Why is bias usually (like in resnet) set to False in conv_layer?

(Kaitlin Duck Sherwood) #15

Why LeakyReLU instead of SELU?

(Kevin Bird) #16

Do you have a link to SELU?

(Armineh Nourbakhsh) #17

Maybe because of batchnorm? I vaguely remember from Andrew Ng’s class that the beta parameter in batchnorm practically replaces bias.

(Hamel Husain) #18

Why is inplace=True in the Leaky-Relu?

(Brian Holland) #19

@rachel Is there any benefit to drawing the architecture? Like as in a line-drawing?

Are there good packages that can illustrate a pre-defined architecture?

(Kaitlin Duck Sherwood) #20

Here’s a blog on SELU:

I guess another way of asking the question is, “SELU looked really hot in the paper which came out, but I notice that you don’t use it. What’s your opinion on SELU?”


Ah, thank you, make sense! It’d be great if we can get a confirmation from @jeremy

(Daniel Hunter) #22

Good call!

(Daniel Hunter) #23

Sorry – where’s the link?

(Brian Holland) #24

Isn’t a small network that just narrows and re-expands called an “encapsulation network”? @rachel?

(Kevin Bird) #25

Is the reason for squishing it down and expanding the same idea as U-Net?

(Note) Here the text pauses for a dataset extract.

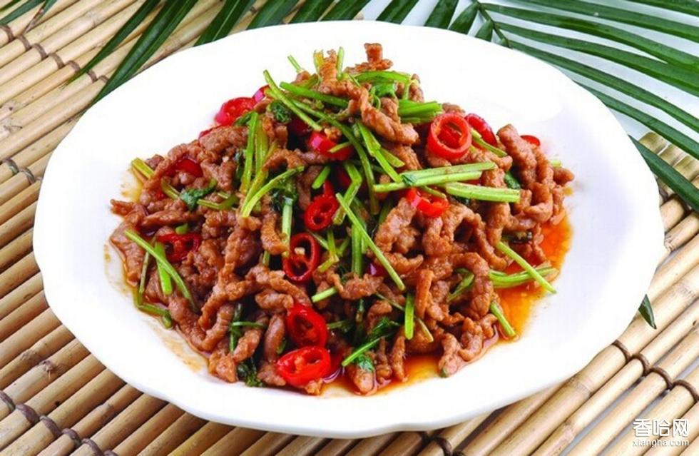 4、牛肉洗凈剁碎,以鹽、糖、生粉、姜絲、頭菜、美極醬油、陳皮碎、花生油拌勻,鋪在秋茄上,入蒸爐蒸10分鐘,取出撒上蔥花便成。

(Adrien Lucas Ecoffet) #26

Would be curious about Jeremy’s answer, but here’s my take: the SELU paper focuses on standard dense neural nets as opposed to CNNs or RNNs. I am not 100% sure why but I did try SELU on CNNs once and got poor results, so it’s possible that it simply doesn’t work that well on CNNs. Why? No idea…

(Ravi Jain) #27

So this should be applicable to simple fully connected linear layers as well, right?

(Patrick Mccaffrey) #28

Why does ks//2 have 2 forward slashes?

(Debashish Panigrahi) #29

// converts to int

(Kevin Bird) #30

Python has two division operators, a single slash character for classic division and a double-slash for “floor” division (rounds down to nearest whole number). Classic division means that if the operands are both integers, it will perform floor division, while for floating point numbers, it represents true division.

(Bart Fish) #31

integer division

(Ravi Jain) #33

Integer division!